WORK REQUIRED: Please restate word for word the lines of the entries below from the one with "Pattaya Deputy Mayor" to the one with "12月26日,三亚学院(以下", inclusive, and leave out every picture.

RECORDS PROVIDED:
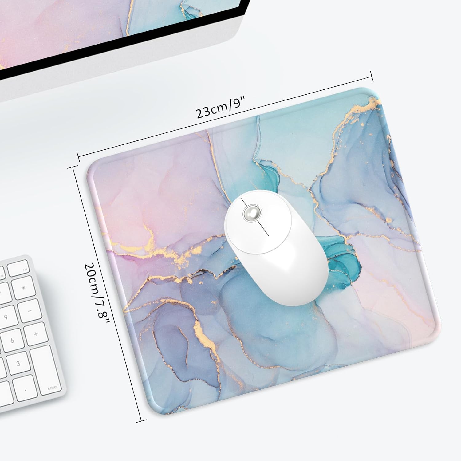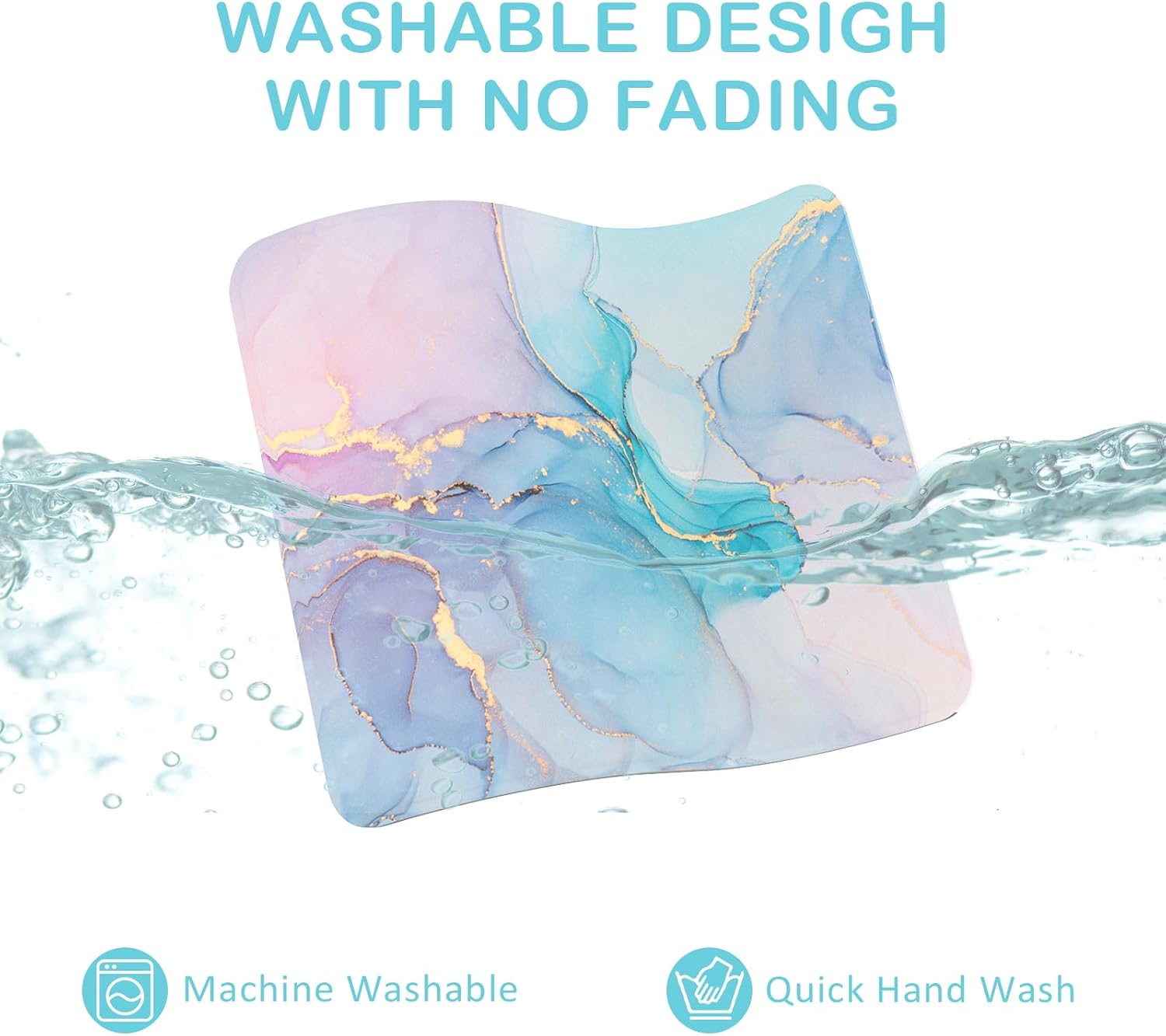 Подложка за мишка Giecy с гел възглавничка, подложка за мишка с поставка за длани, ергономична, удобна поставка за китката на компютъра, мишка за лаптоп, геймърска, подложка за мишка с неплъзгаща се PU долна страна (12-син ружов мрамор)
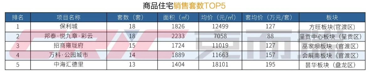 保利城、邦泰·悦九章·彩云、招商雍珑府、万科·公园城市几个热销区域板块的主力项目持续去化,合计成交65套房源,成交均价在1万出头。最低成交均价仍是位于呈贡新城的邦泰·悦九章·彩云,仅为7058元/㎡。
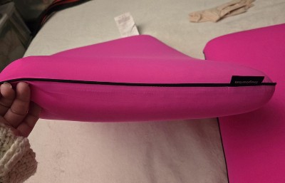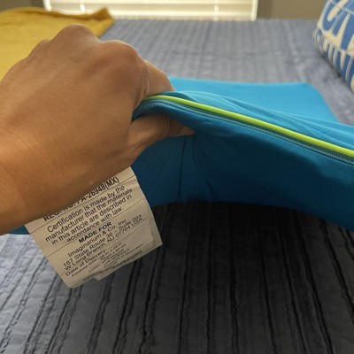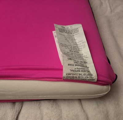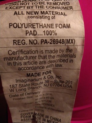 NOT Memory foam but %100 POLYURETHANE which is very harmful to human especially kids . It's sad that they make them in neon catching color for little ones . It can also trigger you asthma and allergies. I actually got it for $6 instead of the regular price they were in sale n I got 4 Because it says it's memory foam. They throw off a really bad ell and come to find out it's because of the polyurethane!! It's toxic. Buy at your own health risk . I also noticed that once out of the bag they have zero firmness it goes flat like you have nothing under. It feels like it's gone. Will be returning !!!
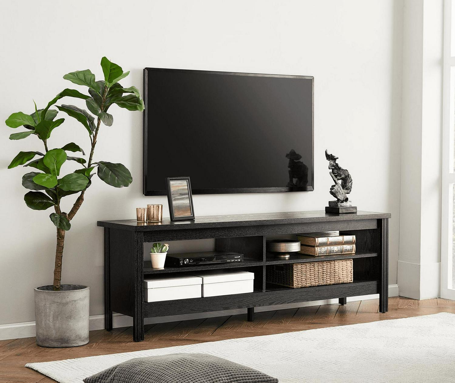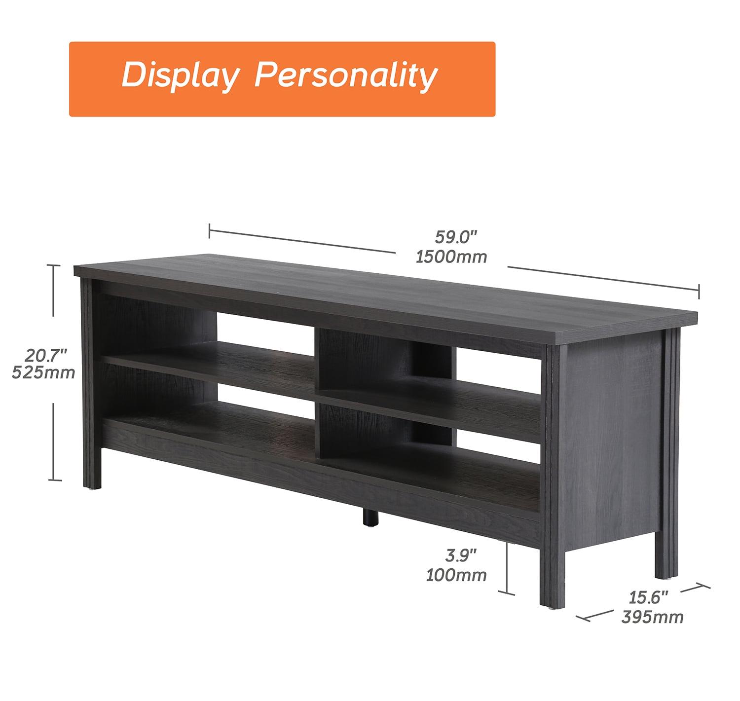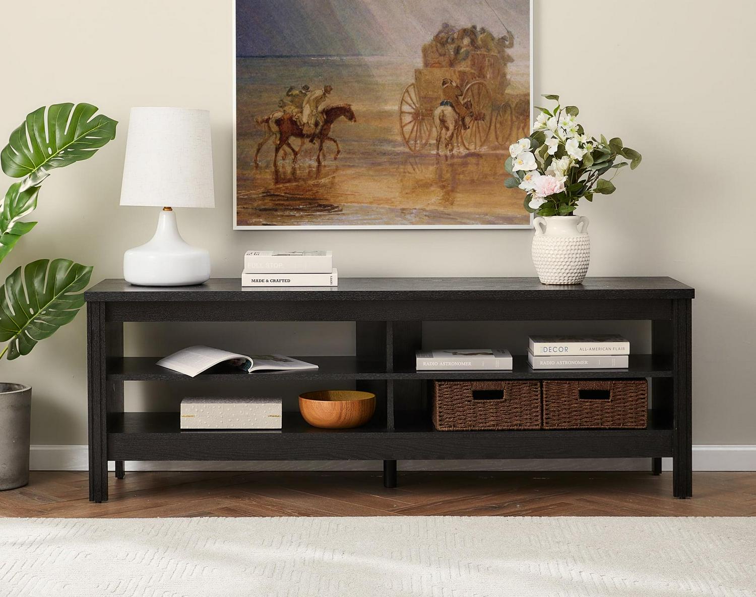The black wood grain and simple lines on this tv stand make it look classic and elegant. It can be not only used as televison stands, also perfect for sofa table, entertainment center, media stand, storage console table, tv console etc. This TV stand is perfect for TVs up to 65 inch TV.4 open shelves with big capacity allow you to storage the books, magazines, CDs and any other media or gaming devices. The media console table made of high quality MDF which is durable and sturdy enough to be used for a long time. Plus, four wooden legs further enhance stability, preventing the TV stand from wobbling. Max load capacity: 175 lbs. The black entertainmen center for 65 inch tv with smooth surface is waterproof and easy to keep clean with a damp cloth. The tv table is 3.9 in high height off the ground which adequate for robot vacuum cleaner can passing freely. No more headaches from dust under the cabinet.
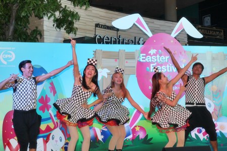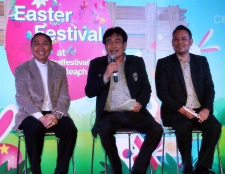Pattaya Deputy Mayor Ronakit Ekasingh, Father Ray Foundation President Rev. Peter Pattarapong Sriworakul and Montree Wonghirandecha from the amusement park take to the stage to announce the East’s first Easter Festival March 25-27 at Central Festival Pattaya Beach.
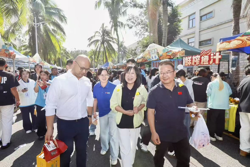 12月26日,三亚学院(以下简称“我校”)椰林广场再次迎来了一年一度的美食盛会——第八届吃货节。本次活动以“食聚八方,乐享其味”为主题,汇集了来自全国多个省份的特色美食与精彩表演。我校校长沈建勇教授,副校长高一兰教授,校长助理贾朋社教授,莅临法学院(自贸港国际法学院)(以下简称“我院”)摊位,我院党总支副书记王子龙,团委副书记曹添以及思想导师史钊堃、刘悦、肖琳、董津语、羊侯锦等亲临现场,与团学组织的同学们一同推介各地美食,共品佳肴,同享欢愉。
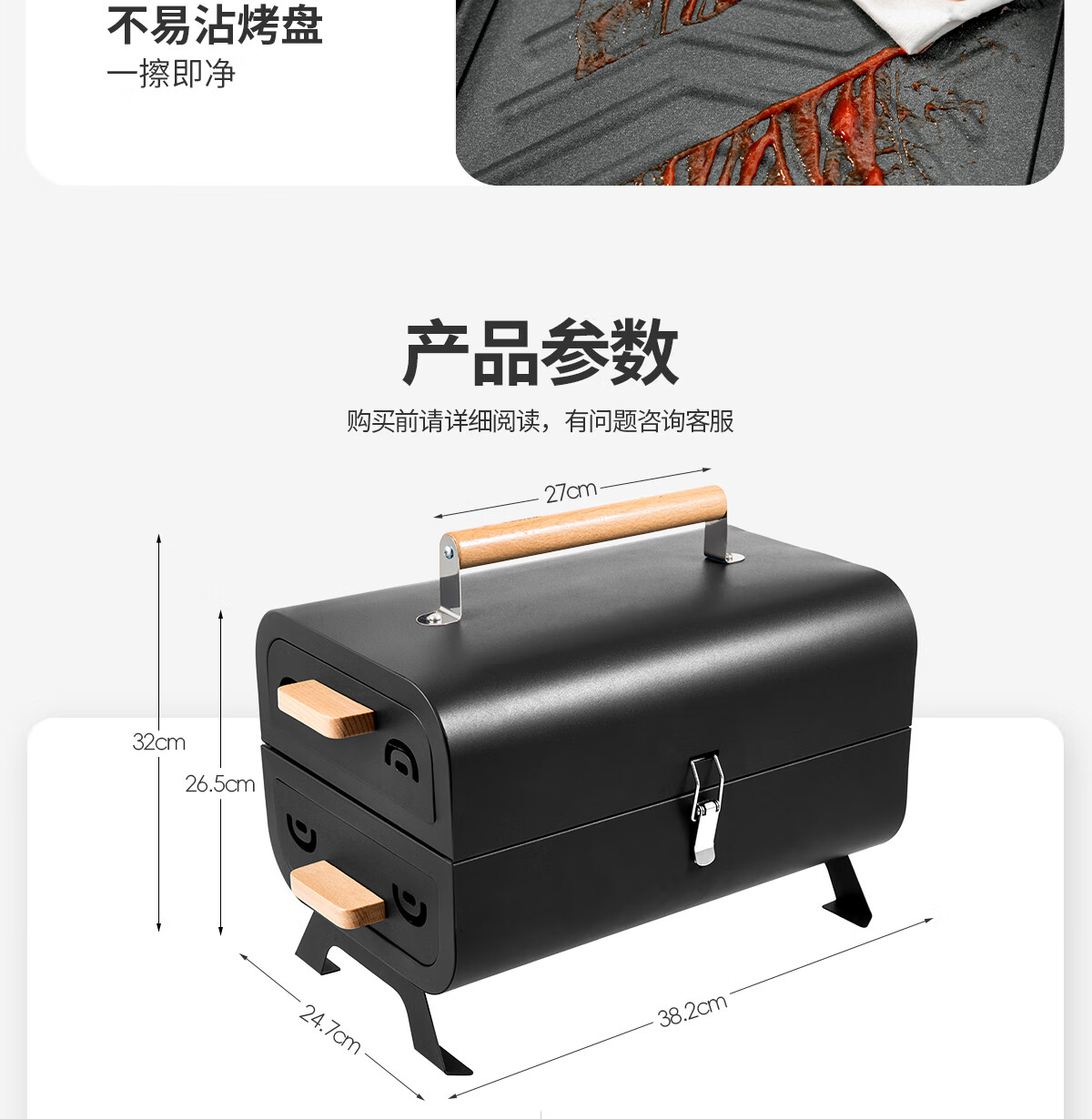这款户外双面碳烤炉质量很棒,厚实耐用。与描述完全相符,细节设计贴心。物流快,下单没几天就到了。服务好,有问必答。性价比超高,值得入手。
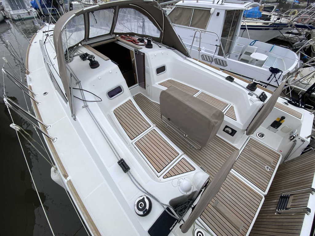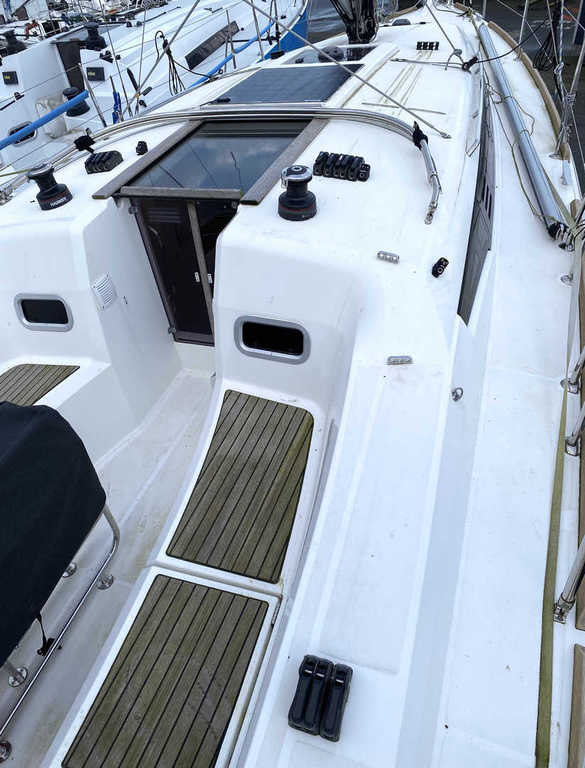 Hanse 320. Bateau état neuf, bateau occasion visible en Bretagne. Superbe voilier, agréable et performant. Première main. Aménagé avec deux cabines. Equipé d’un moteur de 29 cv ayant peu d’heures. Equipements électronique complet et neuf avec deux lecteur de cartes. Jeu de voiles très complet avec spi asymétrique, gennaker sur emmagasineur. Bateau très bien équipé avec annexe et hb, capote de roof, pont en teck. Bateau entretenu de façon irréprochable, à voir absolument…

FINISHED TASK:
Pattaya Deputy Mayor Ronakit Ekasingh, Father Ray Foundation President Rev. Peter Pattarapong Sriworakul and Montree Wonghirandecha from the amusement park take to the stage to announce the East’s first Easter Festival March 25-27 at Central Festival Pattaya Beach.
 12月26日,三亚学院(以下简称“我校”)椰林广场再次迎来了一年一度的美食盛会——第八届吃货节。本次活动以“食聚八方,乐享其味”为主题,汇集了来自全国多个省份的特色美食与精彩表演。我校校长沈建勇教授,副校长高一兰教授,校长助理贾朋社教授,莅临法学院(自贸港国际法学院)(以下简称“我院”)摊位,我院党总支副书记王子龙,团委副书记曹添以及思想导师史钊堃、刘悦、肖琳、董津语、羊侯锦等亲临现场,与团学组织的同学们一同推介各地美食,共品佳肴,同享欢愉。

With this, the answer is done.